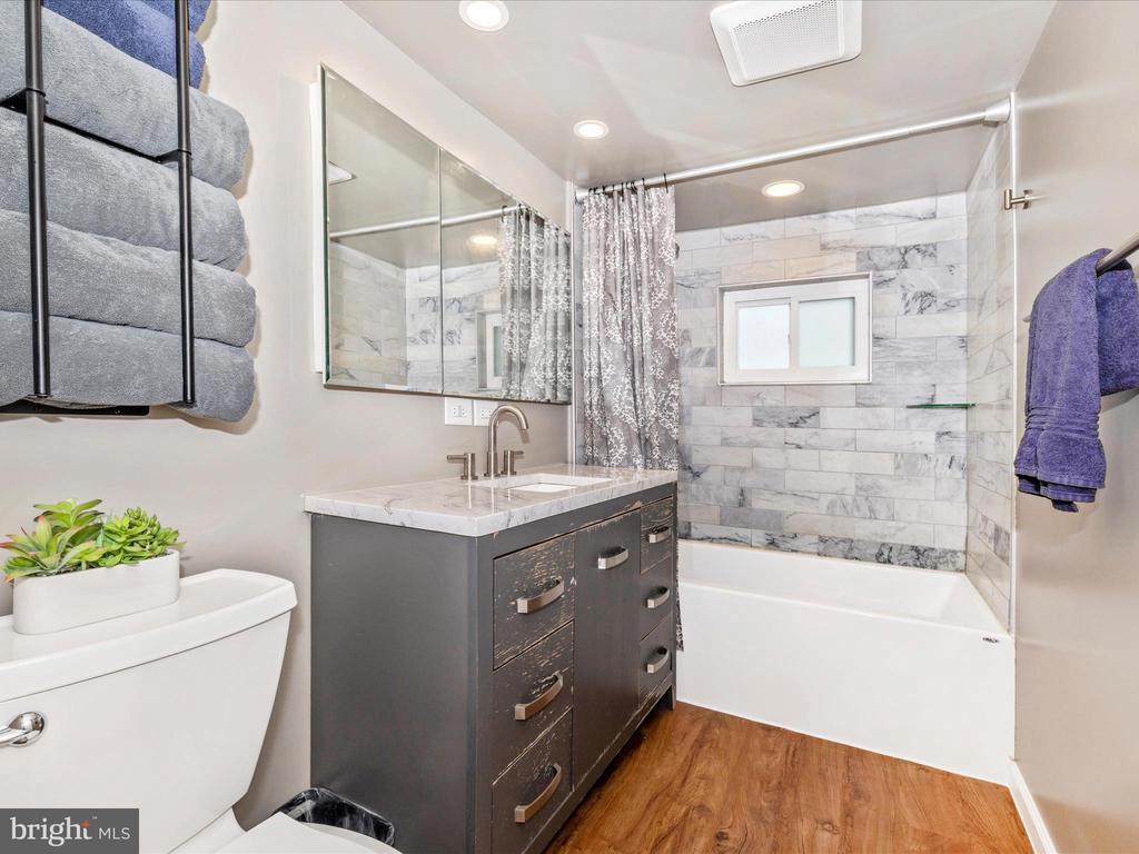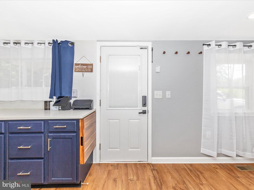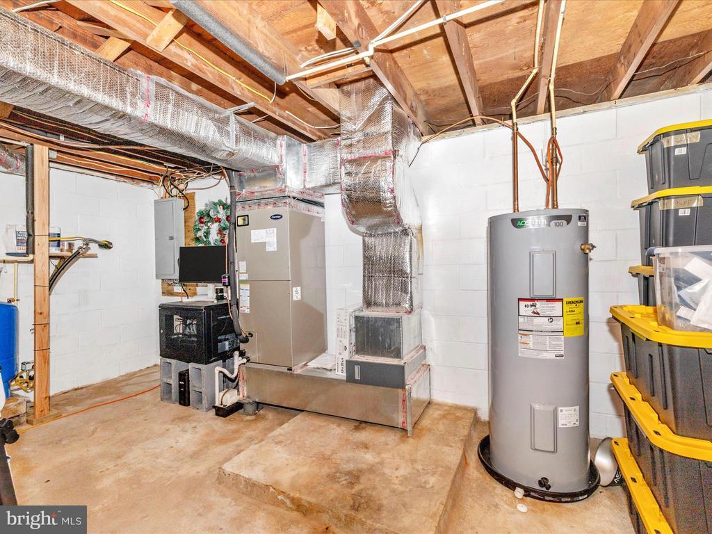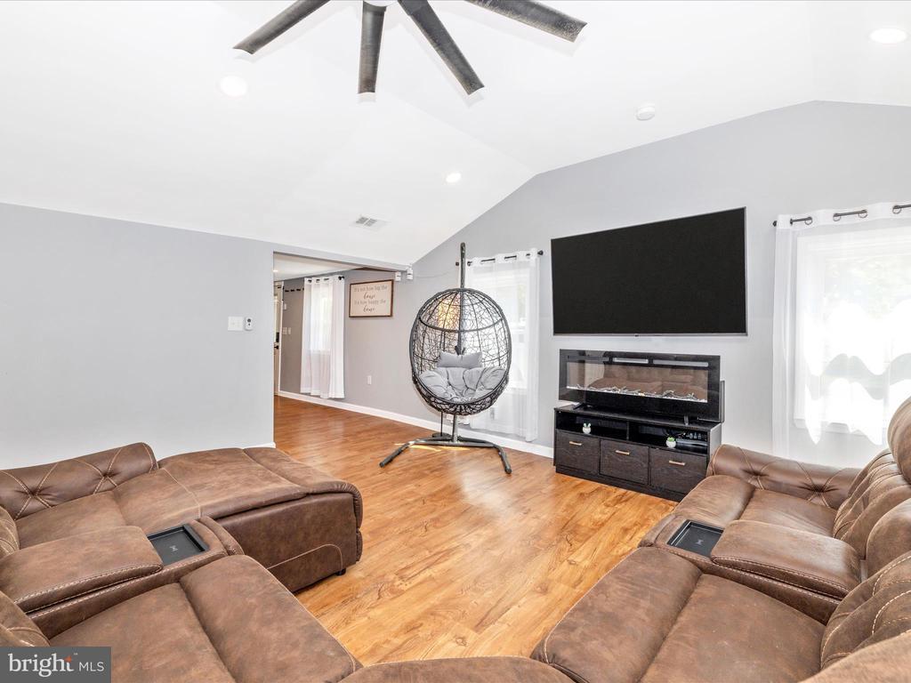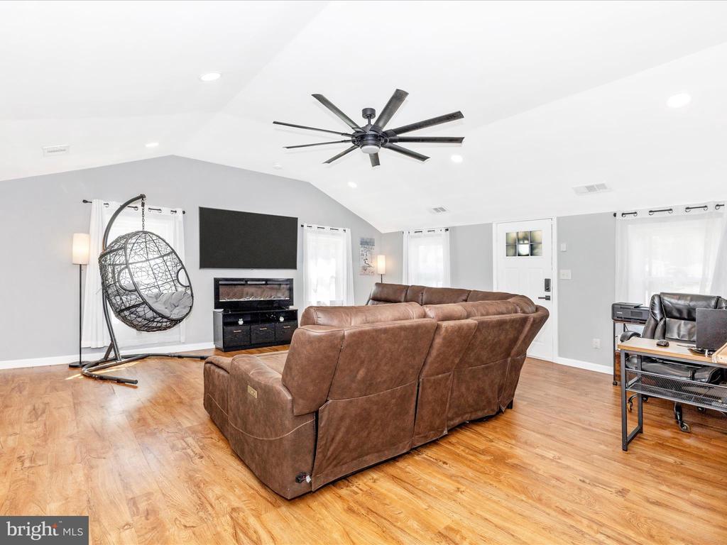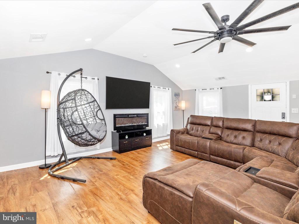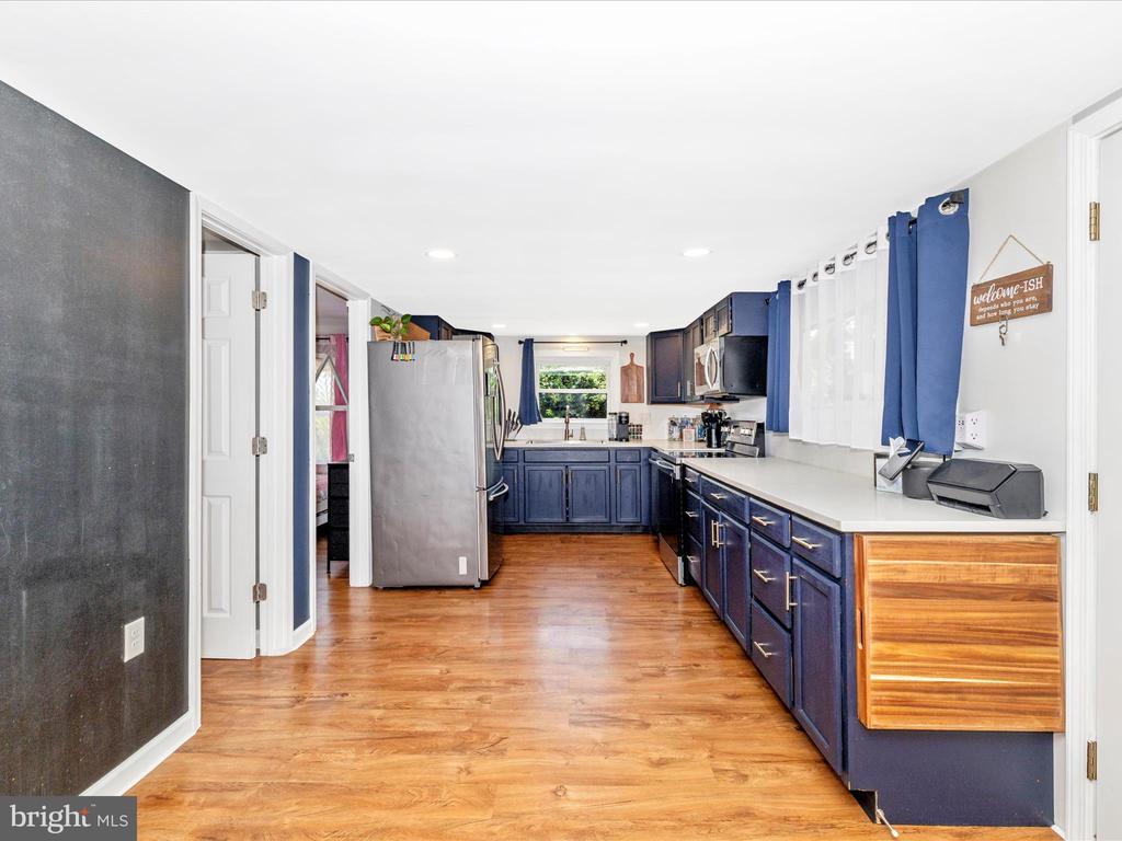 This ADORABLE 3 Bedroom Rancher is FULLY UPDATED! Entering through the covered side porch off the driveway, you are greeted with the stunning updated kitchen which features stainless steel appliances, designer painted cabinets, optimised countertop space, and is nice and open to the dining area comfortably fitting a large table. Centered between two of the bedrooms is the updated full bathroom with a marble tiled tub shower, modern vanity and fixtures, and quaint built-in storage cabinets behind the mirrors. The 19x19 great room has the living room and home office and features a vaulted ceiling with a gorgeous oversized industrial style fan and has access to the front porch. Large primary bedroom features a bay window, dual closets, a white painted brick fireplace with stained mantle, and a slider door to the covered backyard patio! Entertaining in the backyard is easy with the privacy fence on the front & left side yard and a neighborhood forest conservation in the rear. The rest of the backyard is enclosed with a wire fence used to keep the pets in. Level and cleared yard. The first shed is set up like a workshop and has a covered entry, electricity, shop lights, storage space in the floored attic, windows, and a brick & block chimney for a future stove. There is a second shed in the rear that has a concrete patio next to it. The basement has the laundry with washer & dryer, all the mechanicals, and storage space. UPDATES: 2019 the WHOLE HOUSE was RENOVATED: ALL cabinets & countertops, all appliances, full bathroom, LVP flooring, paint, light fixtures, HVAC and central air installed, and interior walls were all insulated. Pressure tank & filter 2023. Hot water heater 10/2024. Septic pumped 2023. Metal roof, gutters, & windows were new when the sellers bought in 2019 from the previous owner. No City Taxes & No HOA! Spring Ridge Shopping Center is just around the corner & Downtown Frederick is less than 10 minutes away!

* * *

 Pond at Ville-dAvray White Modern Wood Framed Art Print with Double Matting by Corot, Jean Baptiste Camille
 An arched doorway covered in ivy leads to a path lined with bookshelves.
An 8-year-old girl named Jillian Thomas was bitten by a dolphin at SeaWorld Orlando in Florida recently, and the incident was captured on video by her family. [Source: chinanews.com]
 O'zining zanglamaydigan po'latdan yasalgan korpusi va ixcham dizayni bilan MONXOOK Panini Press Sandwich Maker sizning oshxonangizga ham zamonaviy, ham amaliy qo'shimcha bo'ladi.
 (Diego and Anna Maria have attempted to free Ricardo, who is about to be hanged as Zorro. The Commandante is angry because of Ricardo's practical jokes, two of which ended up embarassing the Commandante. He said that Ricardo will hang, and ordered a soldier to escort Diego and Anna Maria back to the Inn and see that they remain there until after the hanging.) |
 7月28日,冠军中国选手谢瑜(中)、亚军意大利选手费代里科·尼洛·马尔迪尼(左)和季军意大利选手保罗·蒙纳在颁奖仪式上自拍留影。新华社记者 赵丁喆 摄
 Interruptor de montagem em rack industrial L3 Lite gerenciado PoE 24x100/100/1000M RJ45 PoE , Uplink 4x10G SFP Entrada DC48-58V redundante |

▶ [Work instruction] Take the listing above and repeat exactly the lines from the one containing "An arched doorway" through the one containing "O'zining zanglamaydigan po'latdan", both included.

▶ [Exercise answer]
 An arched doorway covered in ivy leads to a path lined with bookshelves.
An 8-year-old girl named Jillian Thomas was bitten by a dolphin at SeaWorld Orlando in Florida recently, and the incident was captured on video by her family. [Source: chinanews.com]
 O'zining zanglamaydigan po'latdan yasalgan korpusi va ixcham dizayni bilan MONXOOK Panini Press Sandwich Maker sizning oshxonangizga ham zamonaviy, ham amaliy qo'shimcha bo'ladi.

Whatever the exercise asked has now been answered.